Frequently Asked Questions
FAQs - Estate Planning
1What is a Trust?
A trust is a document that creates a fiduciary relationship with the Grantor (creator of the trust) and the Trustee (person who manages the trust) to hold property. The trust is a set of instructions for the trustee to manage all assets named under the trust as instructed by the Grantor. A trust is an instrument commonly used in estate planning – it can be revocable or irrevocable and both have different uses. Most people use Revocable Living Trusts to hold their assets during their life-time and name Trustees (or order) to step on the Grantor’s choose and manage the trust as the Grantor has instructed in the event of an incapacity of death.
2What is a Will?
A Will is a document that indicates what the Testator (the person who makes the will) wishes to happen with his/her assets upon his/her death. A Will has to go through a process called probate (court process to transfer assets).
3What's the difference in benefits between a Trust and a Will?

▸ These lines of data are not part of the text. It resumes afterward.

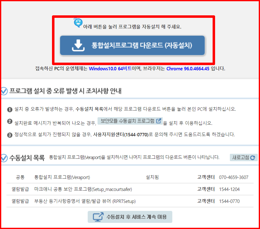 물론 아래와 같은 권장 사항에 따라 자동으로 설치할 수 있습니다. [통합설치프로그램 다운로드(자동설치)]를 선택하면 컴퓨터가 알아서 5개의 프로그램을 설치합니다.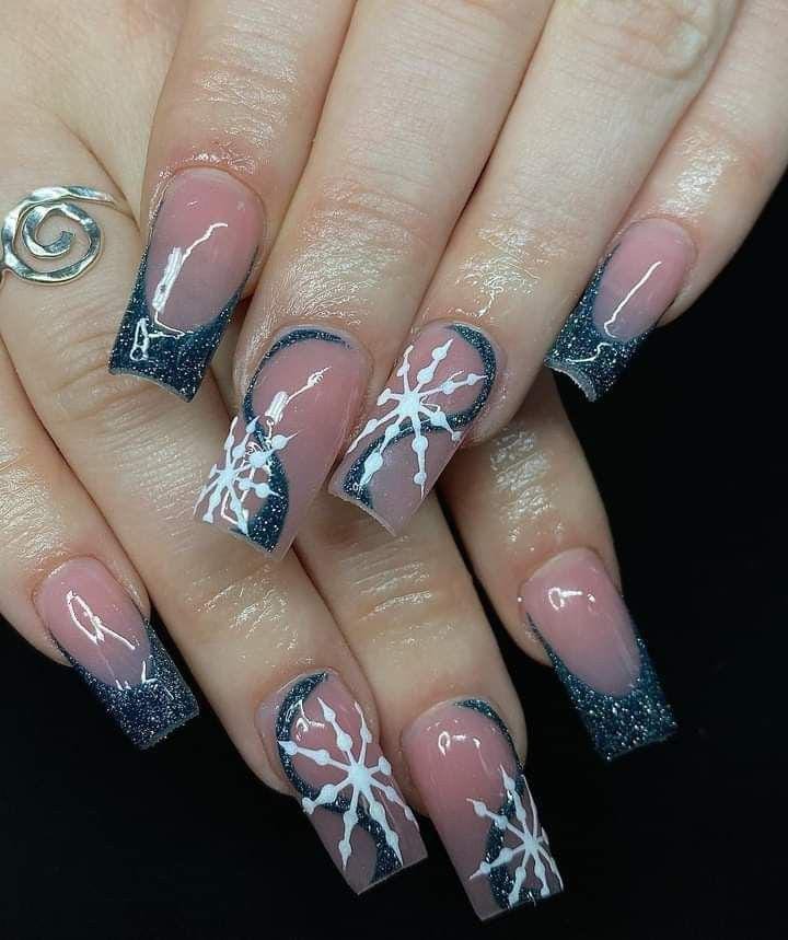 This design features deep, glittery blue tips paired with crisp white snowflakes, creating a bold winter contrast against a natural nude base. It has a chic, dramatic January vibe that feels both icy and elegant.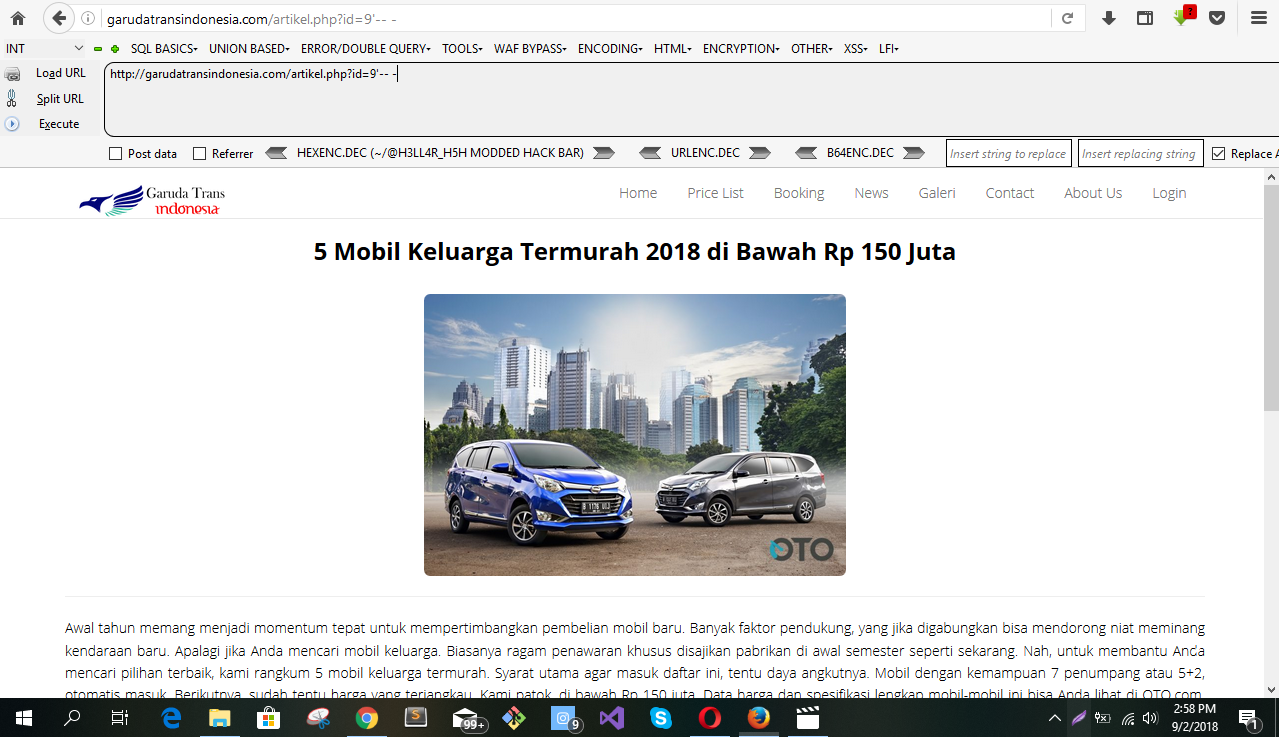 http://garudatransindonesia.com/artikel.php?id=9’+ORDER+BY+2– – = NO ERROR/ BLANK
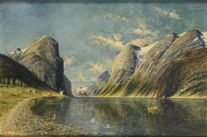 BLASCHNIK, Arthur (1823 Strehlen/Silesia - 1918 Berlin). Mountainous landscape with lake.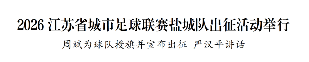 球队的出征,也是城市精神的集结。严汉平向全体参赛人员致以诚挚问候,并回顾了上赛季盐城队的出色表现。他说,新的赛季即将拉开战幕,大家能够代表盐城出征,既是个人荣耀,也是城市荣光。希望大家传承发扬不怕困难、不畏艰险,勇于斗争、敢于胜利的精神,顽强拼搏、永不言弃,赛出铁军铮铮风骨;同心同德、团结协作,赛出团队硬核力量;轻装上阵、文明参赛,赛出城市良好形象;用一场场精彩的比赛回报全市人民的支持与厚爱,用集体的智慧、拼搏的血性书写盐城足球事业发展新篇章。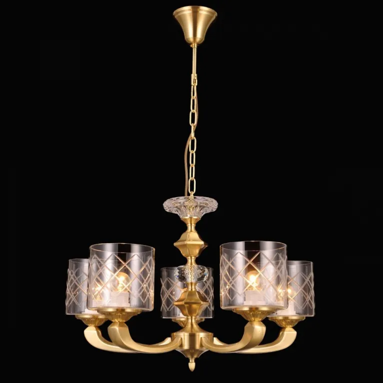 люстра оснащена пятью источниками света с цоколем E14, что позволяет использовать различные типы ламп, включая энергосберегающие и светодиодные. Такое количество ламп обеспечивает яркое и равномерное освещение пространства площадью до 30 квадратных метров, делая ваш дом светлым и просторным.

There are many differences between a will and a trust, some of the most common are that a Trust is effective since it is signed while a Will will only become effective upon the death of the person who created it (the testator or grantor), and thus a Trust works through a grantor’s incapacity while a Will does not. A Trust allows the Grantor to manage his/her assets even beyond and incapacity or death, can designate who manages the assets and how. The Will does not. A Trust can avoid probate and a Will requires to go through Probate.
4Can I name guardians for my children in a Will?
Yes, you can name a guardian for your minor children in a Will, but a Will does not come into effect until you die. That means that if you are incapacitated for a short term or long term, that designation cannot be used. You should have separate designation of guardians for your children.
5Do I need a Probate if I have a Will?
Yes. A Will or Last Will and Testament only indicates who will be your heir or beneficiary and how much or what that beneficiary or heir will receive, but in order to transfer the assets, a court process called Probate is required.
FAQs - Probate
1What is probate?
Probate is the process by which the court validates the authenticity of a will; appoints an executor (aka personal representative); and supervises the settlement of an estate, including the payment of bills, filing of tax returns, and transfer of assets to beneficiaries. If no will is presented, the court will appoint an estate representative, called an "administrator." The administrator carries out the same duties as an executor; but when a person dies without a will the court must determine the heirs of the deceased. The complexity and duration of this heirship determination process varies from state to state, but typically the remainder of the probate process, such as the payment of taxes and bills, remains the same whether there was a will or not. Of course, estate assets are distributed to heirs at law as determined by the state's intestacy laws, not beneficiaries chosen by the testator (aka the deceased who created the will).
2How do I avoid probate?
Only assets in your individual name or payable to your estate will go through probate. Many folks use a (fully funded) revocable living trust to avoid probate. In addition, contract assets such as life insurance, retirement accounts, and annuities as well as assets owned by joint tenants with rights of survivorship avoid may probate as well.
3Is probate bad?
Many people, but not all, think so. The difficulty and expense of probate varies from state to state and from family to family because of differences in state laws, family goals and personalities, and assets. Many clients wish to avoid probate because it’s a public process, time consuming, and costly. We’ll take a look at your entire situation together and let you know whether a probate avoidance plan should be part of your estate plan.
4Why should I avoid probate?
Most people want to avoid probate because it can include high fees and costs, significant time delays and stress, and public dissemination of private information. What do I mean by public? In most cases, court records are public records, meaning that anyone could get a copy of your will, the estate’s inventory, and other information you might wish to keep private. The ease of accessing this information does vary from state to state, and sometimes even from county to county. Some places even have online dockets, allowing anyone with an internet connection to see a listing of your assets, debts, beneficiaries, and who got what. If you’re like most people, you want to keep your family affairs and finances private and avoid predators, etc., so probate should be avoided. Please note that in some instances, probate may be necessary to deal with creditors.